Они выпили, пожевали лимоны.

— Все. Я пошел. Деньги будут доставлены твоей матери в Краснодарский край. Пусть сама решает, что с ними делать. А ты останешься служить, раз хочешь того. Но главное, держи язык за зубами. А твой враг получит то, чего достоин, и можешь считать, что и ты поучаствовал в осуществлении справедливого возмездия. И ты, — сверкнул он глазами на Фатиму, — держи язык за зубами, ты знаешь, что бывает за словоохотливость?

Фатима густо покраснела, из глаз потекли слезы.
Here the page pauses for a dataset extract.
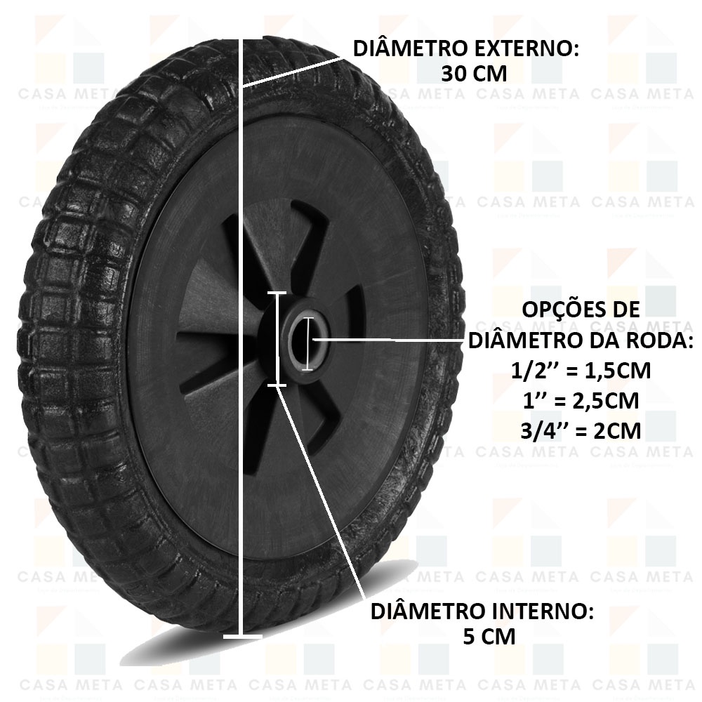 Pneu Roda 325x65 Flexível Para Carrinho De Mão Sem Câmara Resistente Eixo 1"

— Все, успокойся, расскажи ему что-нибудь. Теперь уже говорить можно все. То, что не надо, вы уже друг другу порассказали. Эх, воистину, язык мой — враг мой, — вздохнул Иляс и вышел из комнаты…

9.

— Ты уж извини меня за ночной звонок, Эдуард Григорьевич, — приветливо улыбался Иляс, сидя в черном костюме за шикарным столом в своем рабочем кабинете. Напротив него сверкал роговыми очками довольный произошедшим Верещагин. — События-то, сам понимаешь, какие творятся. Я погорячился, честно говорю, погорячился, и все. Сам посуди, будят меня, говорят — похитили солдата, выстрелы слышны. Охранник избитый валяется. Черт знает, что. Я спросонья и вспомнил про давешний инцидент в твоей резиденции, даже не подумал, зачем тебе это могло понадобиться, такая попадаловка… Правда, до сих пор не могу понять, кому он все-таки мог понадобиться, загадочная какая-то история. Но, впрочем, нам сейчас с тобой не до солдата. А нам до комбината. Врать не стану, дела надвигаются грозные, Эдуард Григорьевич, события нарастают, словно снежный ком, и мне доложили надежные люди из Москвы, что в самые ближайшие дни грядет проверка из Генеральной прокуратуры. Как был приватизирован комбинат, прекрасно знаешь сам, знаю и я. Тебе светит очень серьезная статья, Эдик. Друзья твои, с которыми ты так славно развлекался в Амстердаме, теперь, сам знаешь, не у власти, помочь тебе они не могут, да и если бы могли, не захотели бы. Такие никому не помогают. А помочь тебе можем только мы — губернатор Лузгин и я. Мы покупаем у тебя акции комбината, все, что у тебя есть. Разумеется, по очень льготной цене. Комбината ты лишаешься, выправляешь себе фальшивый паспорт и катишься отсюда чем дальше, тем лучше. А вот акт продажи акций соответствующему лицу будет оформлен надлежащим образом, к этому не придерется никакая комиссия, никакая Генеральная прокуратура. Короче, остальное наш проблемы. Твои проблемы мы с тебя снимаем, Эдик. Ты получаешь кругленькую сумму, оформляешь акт продажи и… становишься гражданином мира. Для тебя это очень хороший вариант и раздумывать тут, практически, не о чем…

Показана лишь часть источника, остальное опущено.